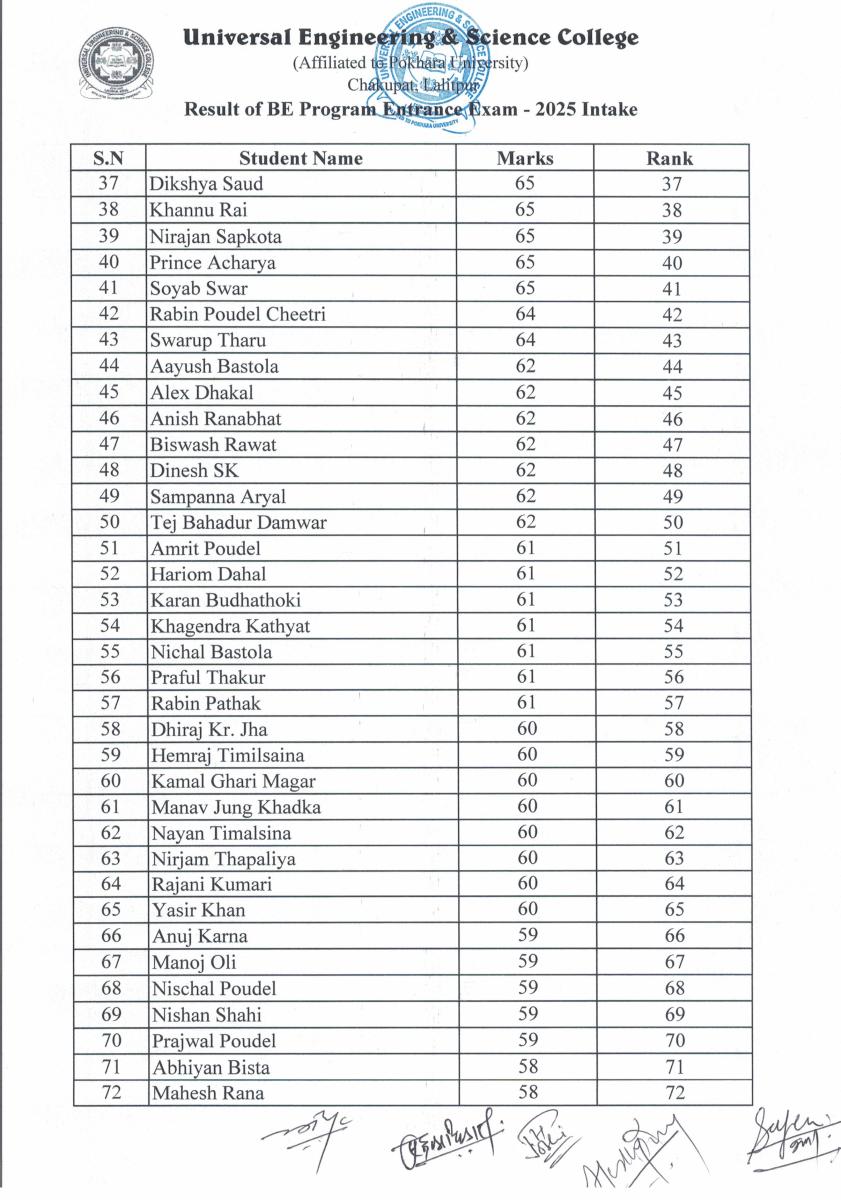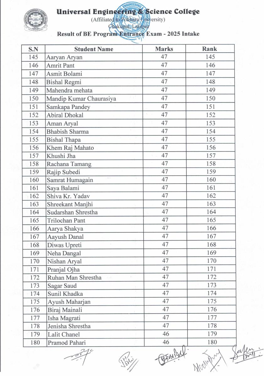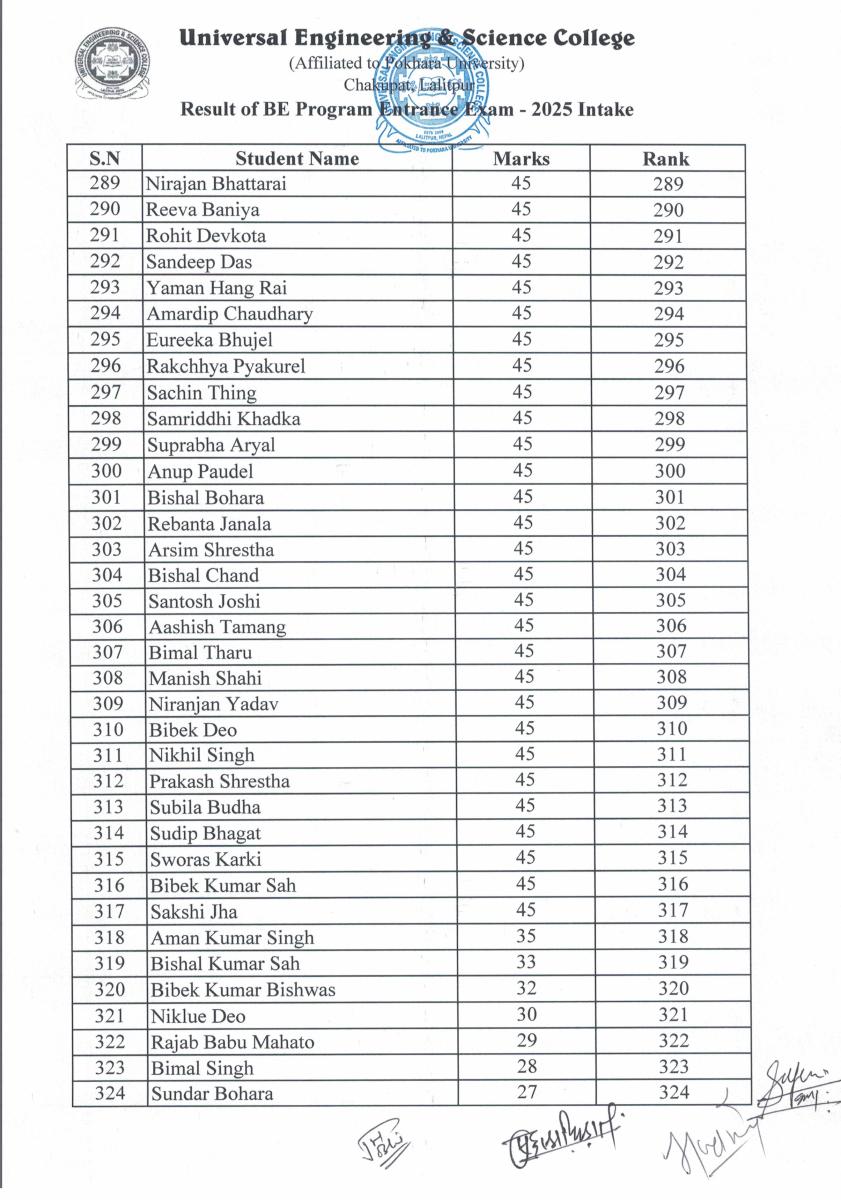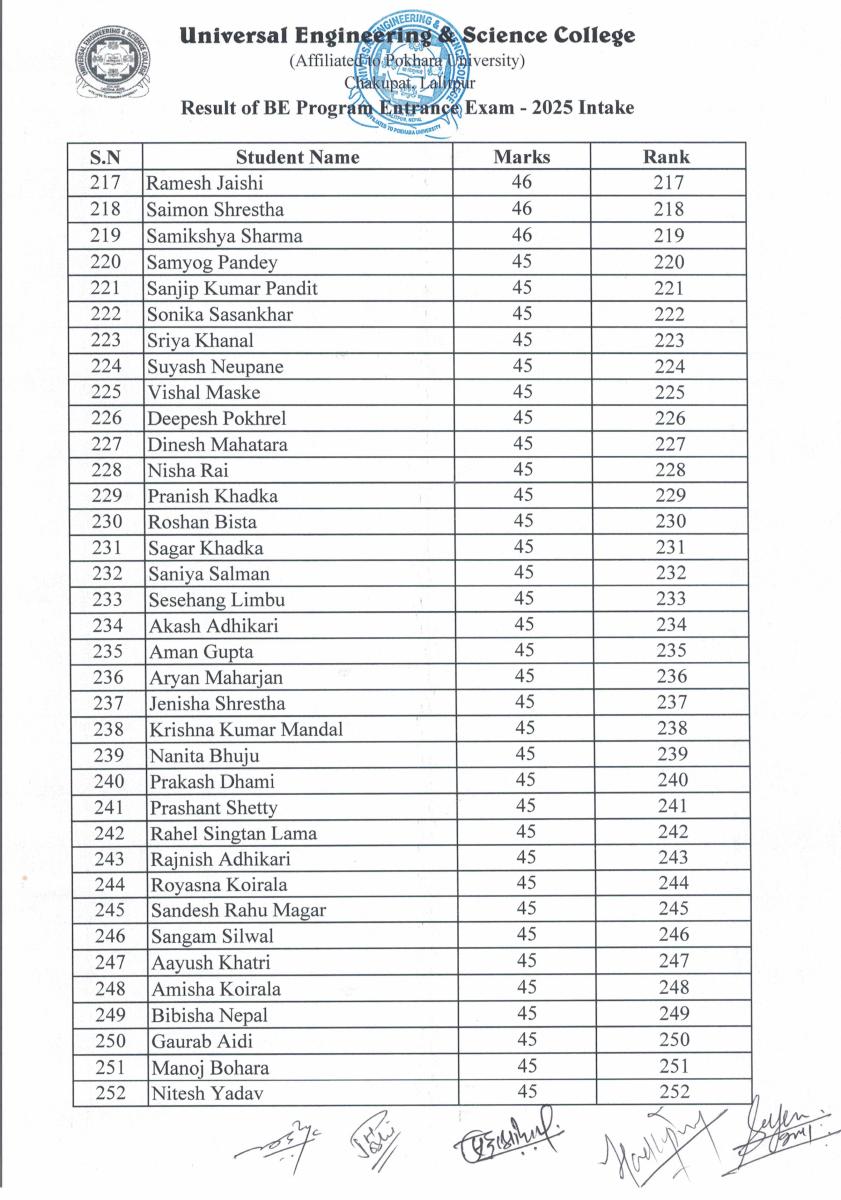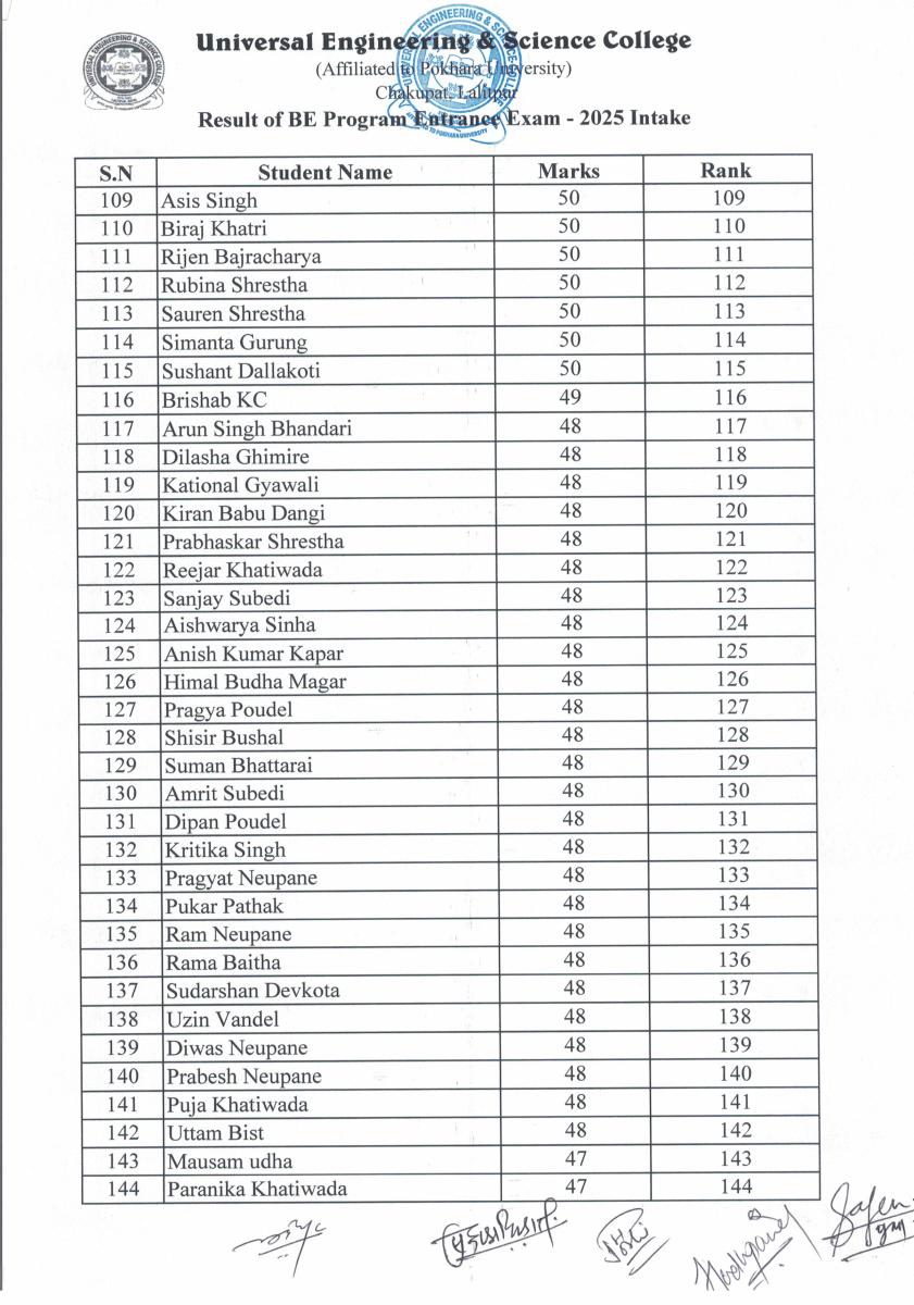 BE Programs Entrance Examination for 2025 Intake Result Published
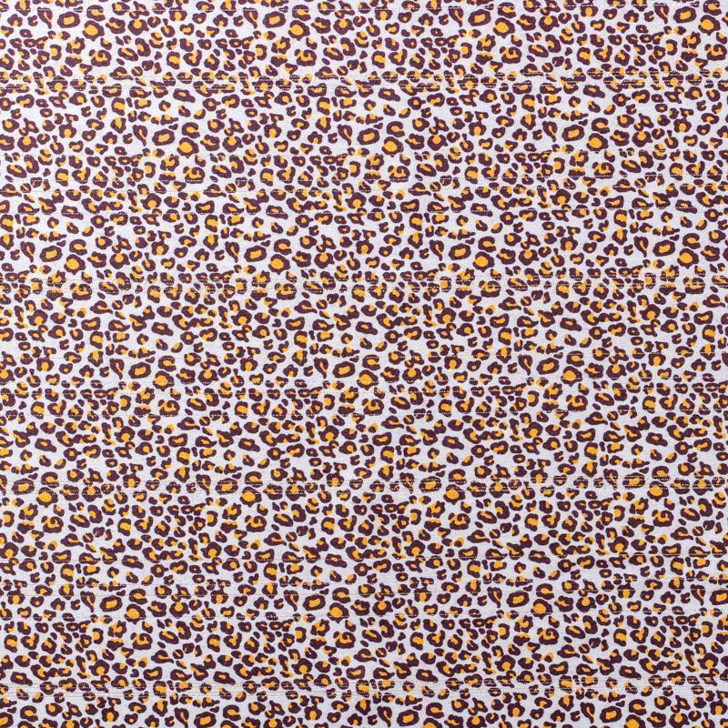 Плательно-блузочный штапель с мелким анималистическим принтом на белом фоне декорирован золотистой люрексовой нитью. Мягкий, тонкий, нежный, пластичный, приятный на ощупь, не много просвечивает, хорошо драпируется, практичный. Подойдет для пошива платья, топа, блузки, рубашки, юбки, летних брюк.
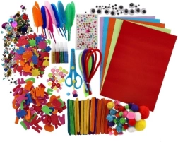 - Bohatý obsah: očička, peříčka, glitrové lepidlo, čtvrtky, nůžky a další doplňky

━━━━━━━━━━━━━━━━━━━━━━━━━━━━━━

• What to do
Apart from the pictures, every line of the data above should be given again exactly.

• Solution to this task
 BE Programs Entrance Examination for 2025 Intake Result Published
 Плательно-блузочный штапель с мелким анималистическим принтом на белом фоне декорирован золотистой люрексовой нитью. Мягкий, тонкий, нежный, пластичный, приятный на ощупь, не много просвечивает, хорошо драпируется, практичный. Подойдет для пошива платья, топа, блузки, рубашки, юбки, летних брюк.
 - Bohatý obsah: očička, peříčka, glitrové lepidlo, čtvrtky, nůžky a další doplňky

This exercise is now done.